Massisteria marina

Scientific classification
- Domain: Eukaryota
- Clade: Sar
- Clade: Rhizaria
- Phylum: Cercozoa
- Subphylum: Filosa
- Class: Granofilosea
- Order: Leucodictyida
- Family: Massisteriidae
- Genus: Massisteria
- Species: M. marina
- Binomial name: Massisteria marina Larsen & Patterson, 1990

= Massisteria marina =

- Genus: Massisteria
- Species: marina
- Authority: Larsen & Patterson, 1990

Species of marine protist

Massisteria marina is a species of small marine phagotrophic protists that normally feed on bacteria. Individuals live associated with sediment particles and suspended detritus in litoral or marine waters. It is found at marine sites all around the world. Its predominantly sedentary lifestyle was a discovery that challenged the concept of bacterivorous protists as constantly active hunters, and its permanent association with detritus particles is uncommon among flagellates.

==Morphology==
Massisteria marina are unicellular amoeboflagellates composed of a flattened irregular star-shaped cell body measuring 3–9 μm in diameter, pressed against the substrate, with several (2 to 10) thin branching filamentous pseudopodia, extrusomes close to the substrate, and two short inactive flagella that measure 4–6 μm.
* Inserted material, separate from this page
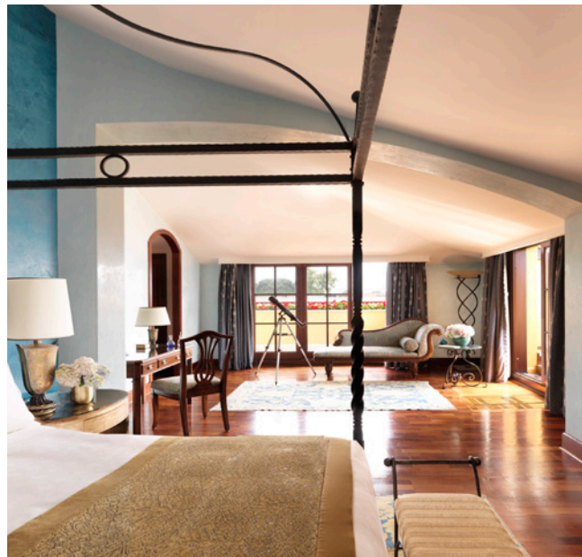
Four Seasons Hotel Istanbul at Sultanahmet

One of the world's most legendary cities, Istanbul is a millennia-old link between East and West. Encounter the architecture of empires past in a dazzling cityscape where soaring Byzantine churches stand alongside Ottoman mosques and Roman ruins.

The arrangement of their pseudopodia are reminiscent of freshwater species Gymnophrys cometa, which usually has only two pseudopodial trunks but more can arise.

==Behavior==
Massisteria marina cells often lie within detritus particles, making them difficult to see unless they are left undisturbed for several minutes. The cells frequently appear in clusters, and the pseudopodia of adjacent cells sometimes join. Electron microscopy reveals that adjacent cells in these clusters often share a common, continuous cytoplasm.

Massisteria marina are usually sedentary and feed through their pseudopodia while their flagella are inactive. However, under adverse conditions, they switch to a swimming non-feeding phase: the pseudopodia are reabsorbed and the flagella become active, with one flagellum directed forward while the other trails behind.

==Distribution==
Massisteria marina is extremely widespread and abundant. It has been isolated with great frequency from littoral, oceanic and deep waters from tropical and temperate regions. It has been found in Halophila beds in Fiji, Queensland, Panama, Hawaii, Rio de Janeiro, United Kingdom, Ireland, Denmark, and in sedimenting detritus at oceanic sites.